**AIM OF THE TASK**:
Write out exactly, and only, the lines below from the line with "These interiors showcase" through the line with "海南日报 头版 001 2011-05-191 2011年05月19日 星期四"; pictures do not belong in the copy.

**THE RECORDS**:
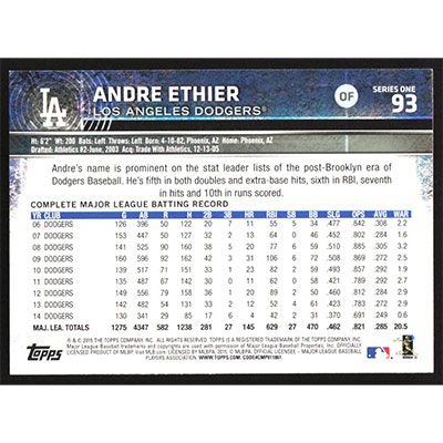 This is a 2015 Topps Andre Ethier baseball card. The card is #93 and pictures show condition.
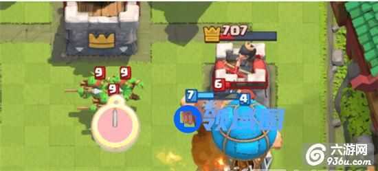 对手很多时候会用黄毛和一些杂兵解巨人,这个时候我们可以直接铺出毒药连同对手防御塔一起伤害到,不过这里玩家要注意一下对手会不会再召唤别的东西,如果不会召唤别的东西能剩毒药用箭雨就最好。
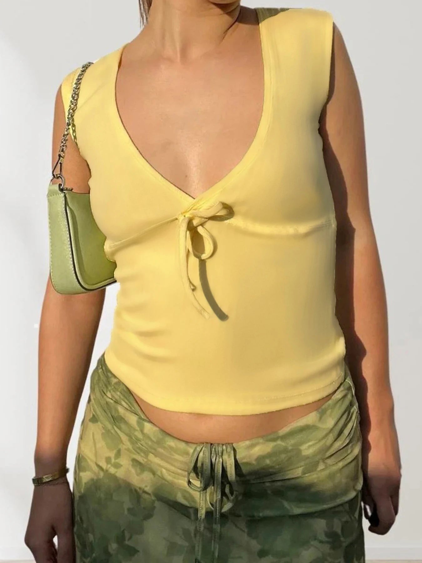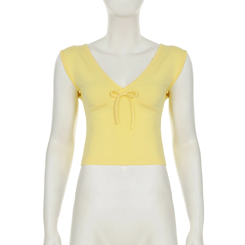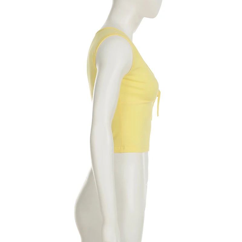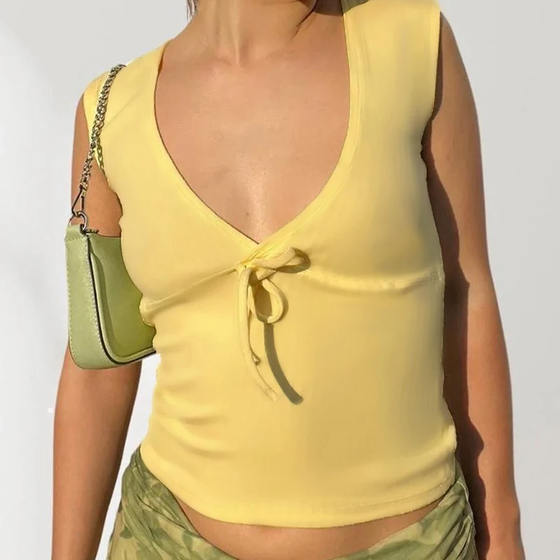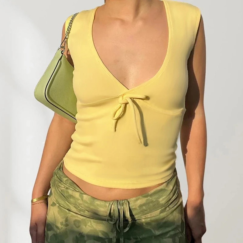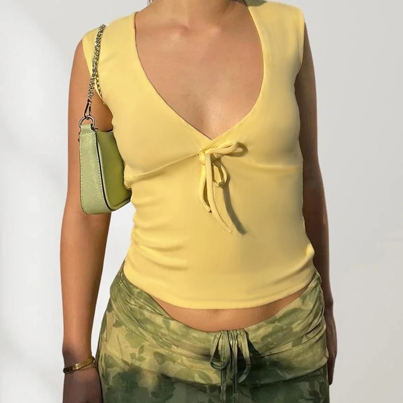 fashion Deep V-neck Solid Basic Casual Vest Chic Streetwear Fashion Bandage Sexy Top Hottie Slim All-match Vintage Clothes
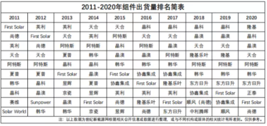 十年,組件市場雖有變化,但是強者恒強依舊是主基調。隨著2021年的起始,光伏利好信息頻出,未來,中國組件企業十席能夠占據幾席,隆基是否王冠依舊,日升能否業績翻臉,天合又將演繹出怎樣的精彩……這些都將是精彩的看點。
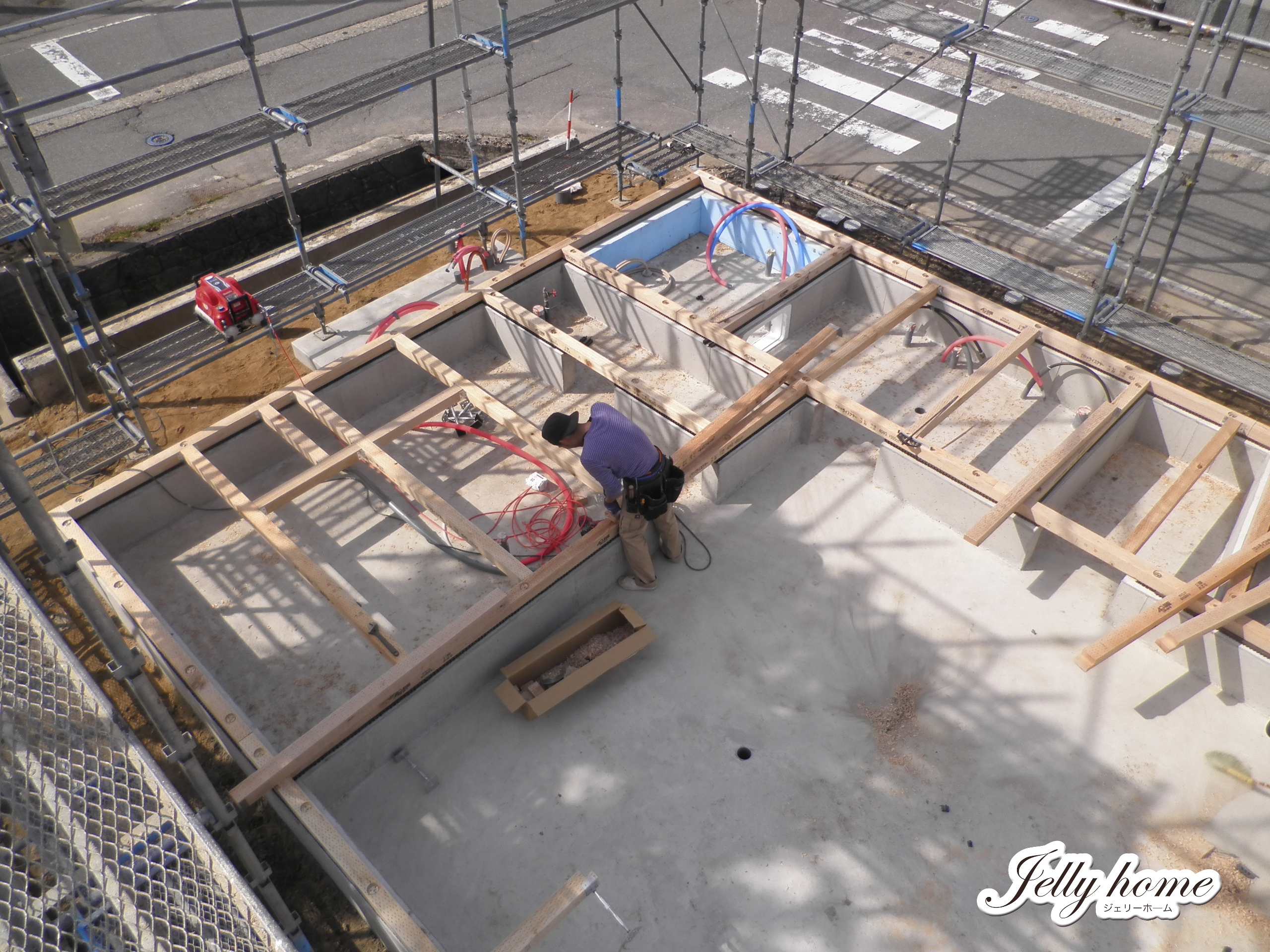 土台敷きから始まる建て方は、屋根が上がるまで3日掛かる。
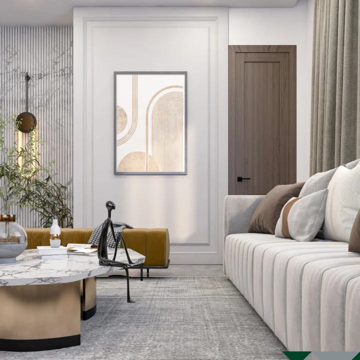 These interiors showcase a refined modern design, blending simplicity with sophistication. Soft, neutral tones create a serene and inviting atmosphere, while clean lines and balanced proportions bring a sense of harmony to the space.
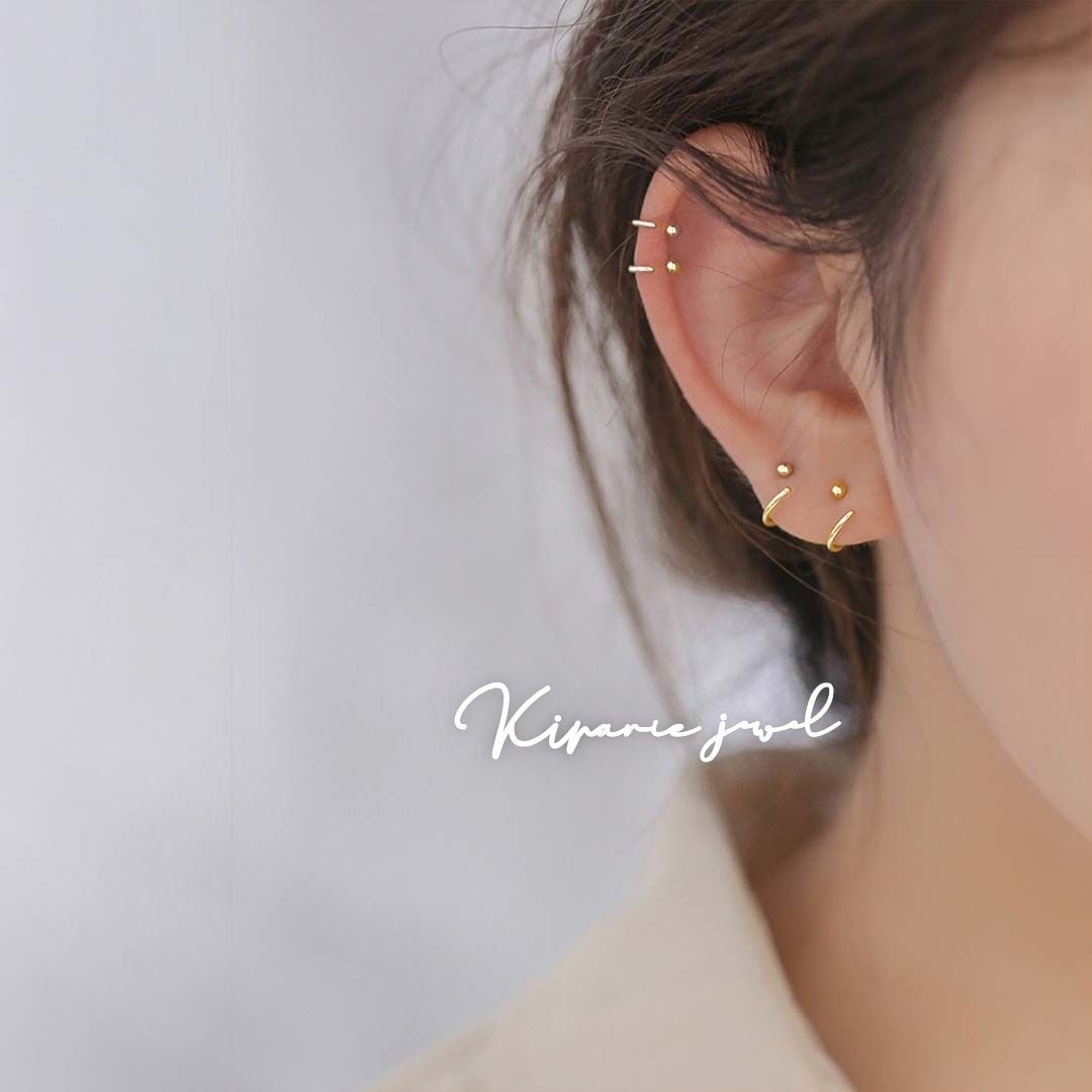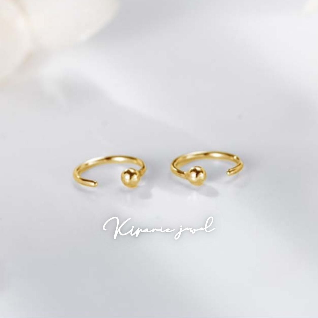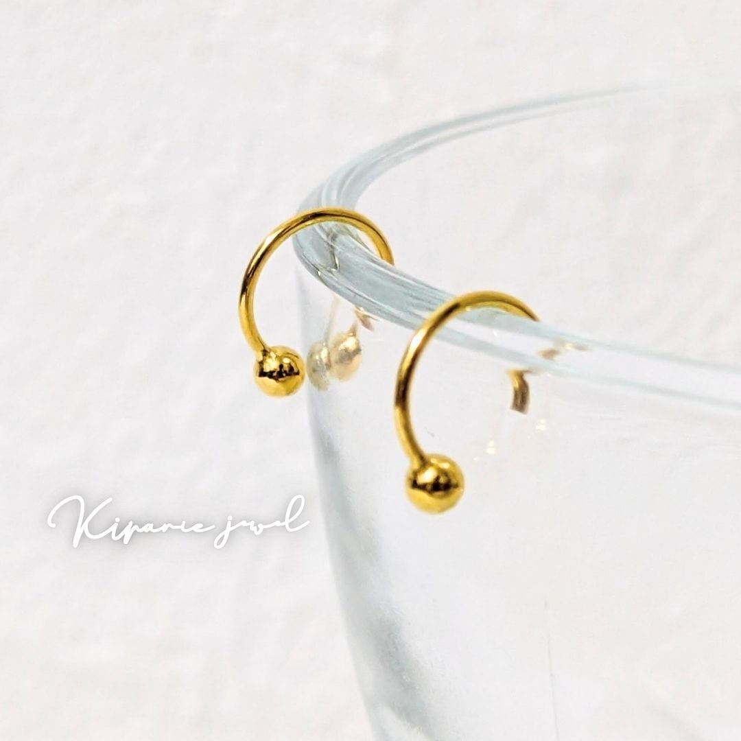 18K | ボール フックピアス 極小 ユニセックス 形 アレンジ 自由自在 リバーシブル SV925 ゴールド 金
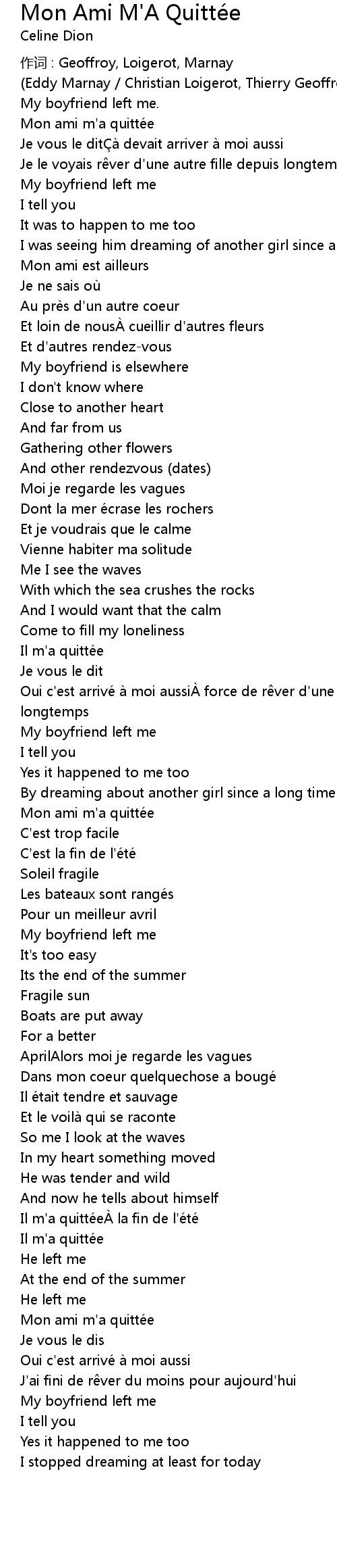 | Mon ami m' a quitté e | |
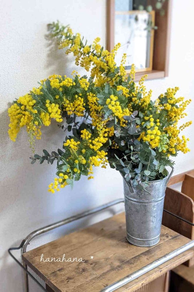 わあ、ミモザ大好きです〜。hanahanaさんにかかると、ブリキにインしただけでこんなにおしゃれで華やかになるんですね。素敵です✨いつもミモザが植えられるくらいのお庭があればな〜と思いますが💛切り花もいいですね。リース作りも楽しそうですね。是非見せてくださいね♪
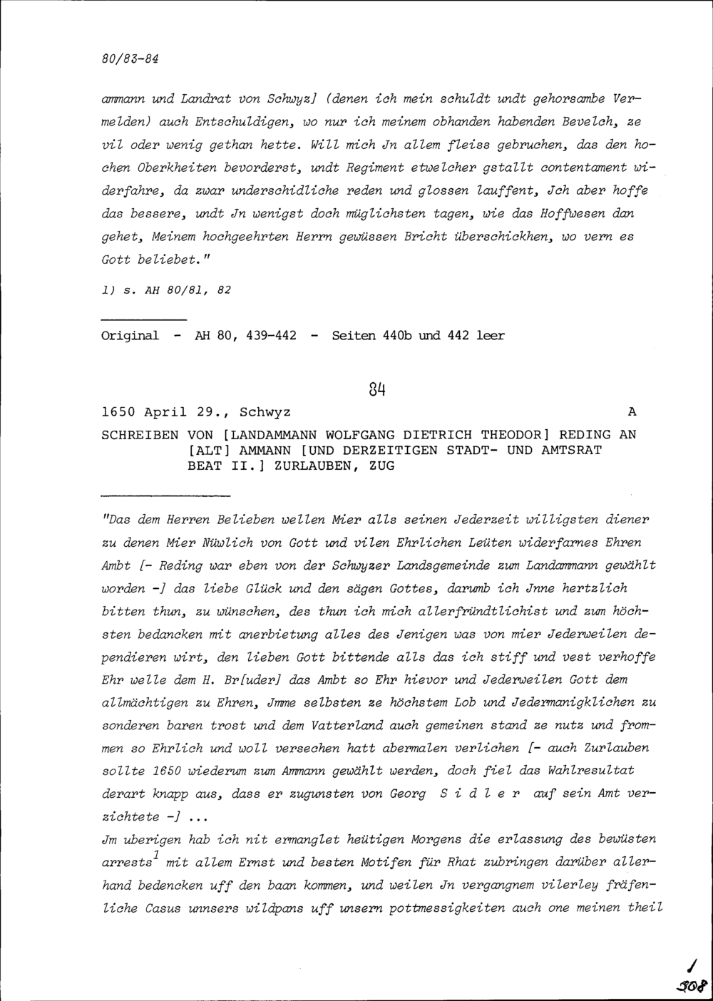 Schreiben von Wolfgang Dietrich Theodor Reding, Landammann, an Beat II. Zurlauben,...
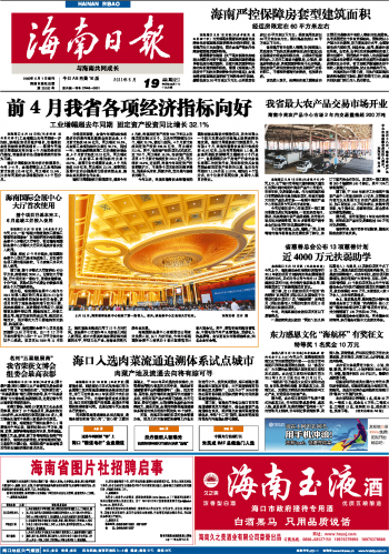 海南日报 头版 001 2011-05-191 2011年05月19日 星期四
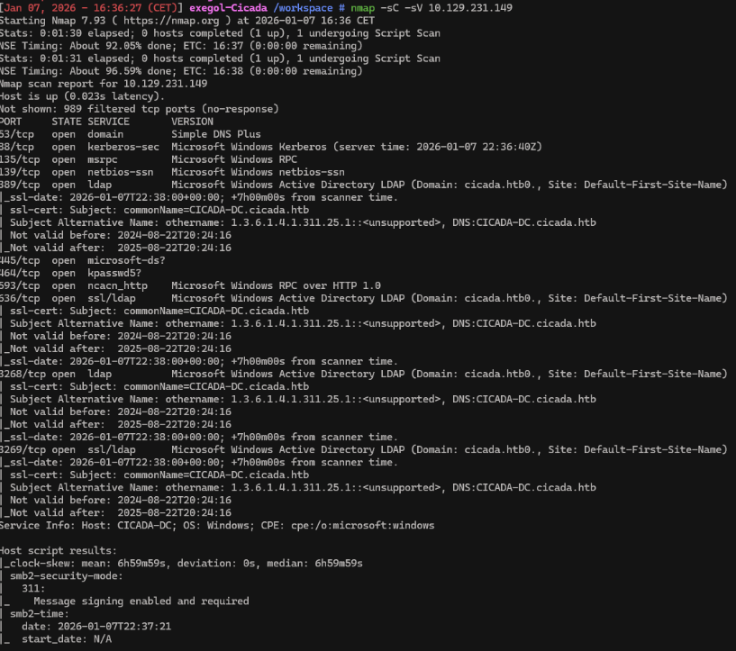 Starting with a standard Nmap scan, we quickly notice several open ports. Services like Kerberos on port 88 and LDAP/LDAPS on ports 389, 636, 3268, and 3269 clearly point to a Windows machine. The scan also reveals the domain cicada.htb and the host name CICADA-DC.
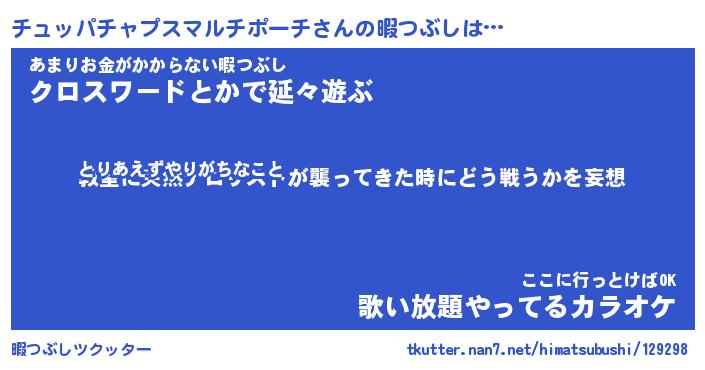 | ツイッター | チュッパチャプスマルチポーチさんのツイッターID『namakemono_star』 |

**EXERCISE SOLUTION**:
 These interiors showcase a refined modern design, blending simplicity with sophistication. Soft, neutral tones create a serene and inviting atmosphere, while clean lines and balanced proportions bring a sense of harmony to the space.
 18K | ボール フックピアス 極小 ユニセックス 形 アレンジ 自由自在 リバーシブル SV925 ゴールド 金
 | Mon ami m' a quitté e | |
 わあ、ミモザ大好きです〜。hanahanaさんにかかると、ブリキにインしただけでこんなにおしゃれで華やかになるんですね。素敵です✨いつもミモザが植えられるくらいのお庭があればな〜と思いますが💛切り花もいいですね。リース作りも楽しそうですね。是非見せてくださいね♪
 Schreiben von Wolfgang Dietrich Theodor Reding, Landammann, an Beat II. Zurlauben,...
 海南日报 头版 001 2011-05-191 2011年05月19日 星期四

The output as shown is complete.